**Work task:** Print the lines in the listing below starting at the line with "Новое платье итальянского" and ending at the line with "Des stickers phosphorescent", both included. Reproduce them exactly and omit every picture.

**Material provided:**
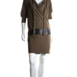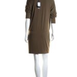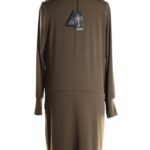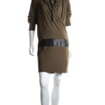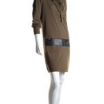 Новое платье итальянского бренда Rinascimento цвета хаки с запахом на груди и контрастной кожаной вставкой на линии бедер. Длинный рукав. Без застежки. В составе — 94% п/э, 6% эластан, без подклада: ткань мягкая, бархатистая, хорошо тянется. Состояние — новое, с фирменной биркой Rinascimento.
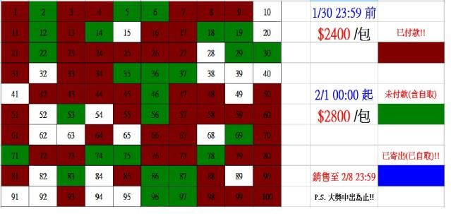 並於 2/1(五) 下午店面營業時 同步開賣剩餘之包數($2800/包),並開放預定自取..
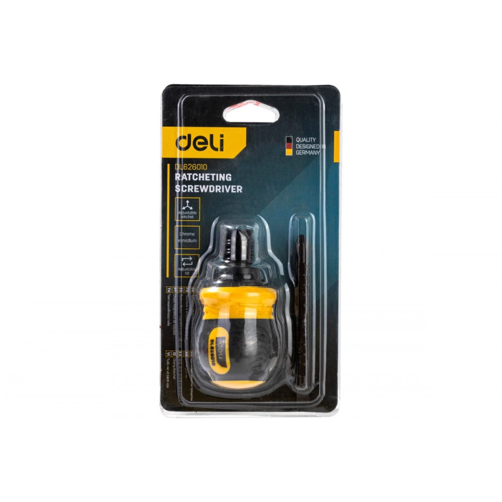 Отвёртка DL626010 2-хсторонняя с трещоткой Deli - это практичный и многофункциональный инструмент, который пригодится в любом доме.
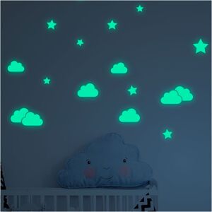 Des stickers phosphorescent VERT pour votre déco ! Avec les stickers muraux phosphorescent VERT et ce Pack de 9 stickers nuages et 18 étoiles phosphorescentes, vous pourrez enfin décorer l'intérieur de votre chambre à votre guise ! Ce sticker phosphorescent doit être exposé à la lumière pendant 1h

---

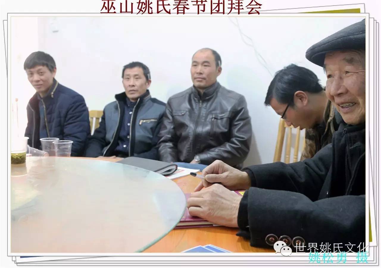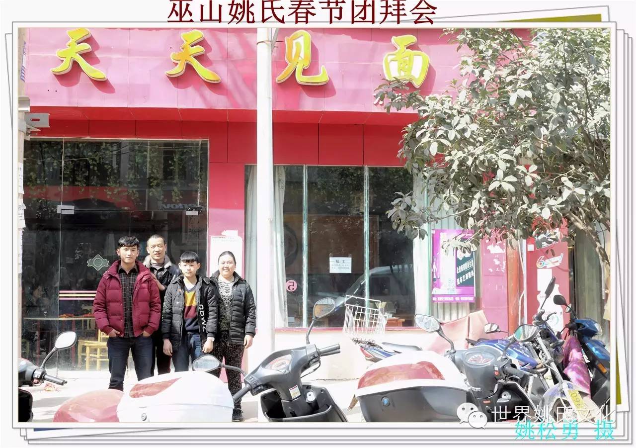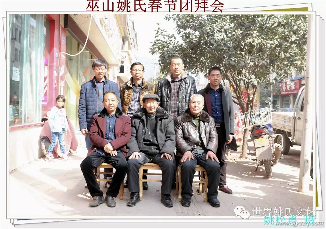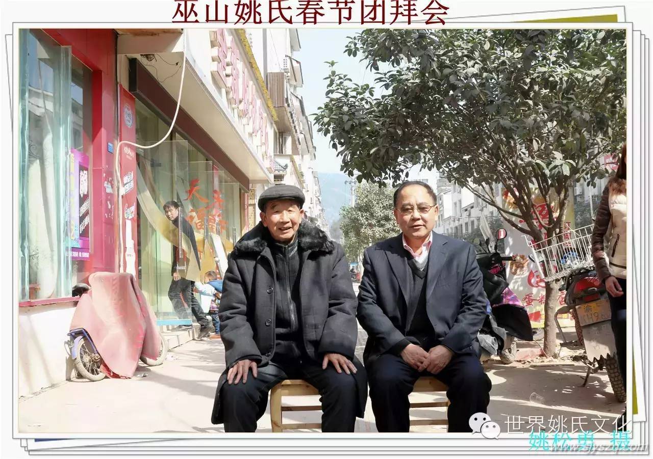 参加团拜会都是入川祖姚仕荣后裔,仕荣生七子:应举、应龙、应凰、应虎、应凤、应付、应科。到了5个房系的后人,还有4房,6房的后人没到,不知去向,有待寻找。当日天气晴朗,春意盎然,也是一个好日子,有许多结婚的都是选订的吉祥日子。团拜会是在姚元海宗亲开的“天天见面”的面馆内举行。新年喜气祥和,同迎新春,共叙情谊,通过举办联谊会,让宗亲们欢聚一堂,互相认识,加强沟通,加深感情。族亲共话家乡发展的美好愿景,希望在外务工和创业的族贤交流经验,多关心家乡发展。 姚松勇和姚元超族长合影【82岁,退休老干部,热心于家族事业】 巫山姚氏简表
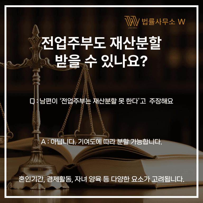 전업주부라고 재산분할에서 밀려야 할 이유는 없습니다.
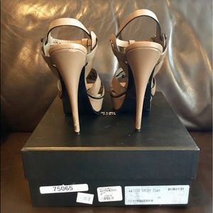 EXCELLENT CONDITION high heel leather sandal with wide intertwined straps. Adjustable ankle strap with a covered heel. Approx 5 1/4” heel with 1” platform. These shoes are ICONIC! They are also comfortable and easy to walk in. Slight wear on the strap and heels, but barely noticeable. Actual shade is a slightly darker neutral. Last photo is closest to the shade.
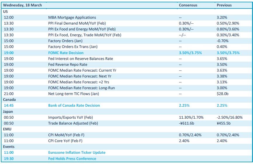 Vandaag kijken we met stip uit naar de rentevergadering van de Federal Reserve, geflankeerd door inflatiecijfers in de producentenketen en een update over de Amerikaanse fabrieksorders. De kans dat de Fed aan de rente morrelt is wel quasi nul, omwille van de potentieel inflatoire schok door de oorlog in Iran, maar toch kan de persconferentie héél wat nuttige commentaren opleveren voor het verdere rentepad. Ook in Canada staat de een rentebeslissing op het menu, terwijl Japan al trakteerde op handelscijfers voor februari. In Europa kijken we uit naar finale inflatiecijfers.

**Solution to this problem:**
 Новое платье итальянского бренда Rinascimento цвета хаки с запахом на груди и контрастной кожаной вставкой на линии бедер. Длинный рукав. Без застежки. В составе — 94% п/э, 6% эластан, без подклада: ткань мягкая, бархатистая, хорошо тянется. Состояние — новое, с фирменной биркой Rinascimento.
 並於 2/1(五) 下午店面營業時 同步開賣剩餘之包數($2800/包),並開放預定自取..
 Отвёртка DL626010 2-хсторонняя с трещоткой Deli - это практичный и многофункциональный инструмент, который пригодится в любом доме.
 Des stickers phosphorescent VERT pour votre déco ! Avec les stickers muraux phosphorescent VERT et ce Pack de 9 stickers nuages et 18 étoiles phosphorescentes, vous pourrez enfin décorer l'intérieur de votre chambre à votre guise ! Ce sticker phosphorescent doit être exposé à la lumière pendant 1h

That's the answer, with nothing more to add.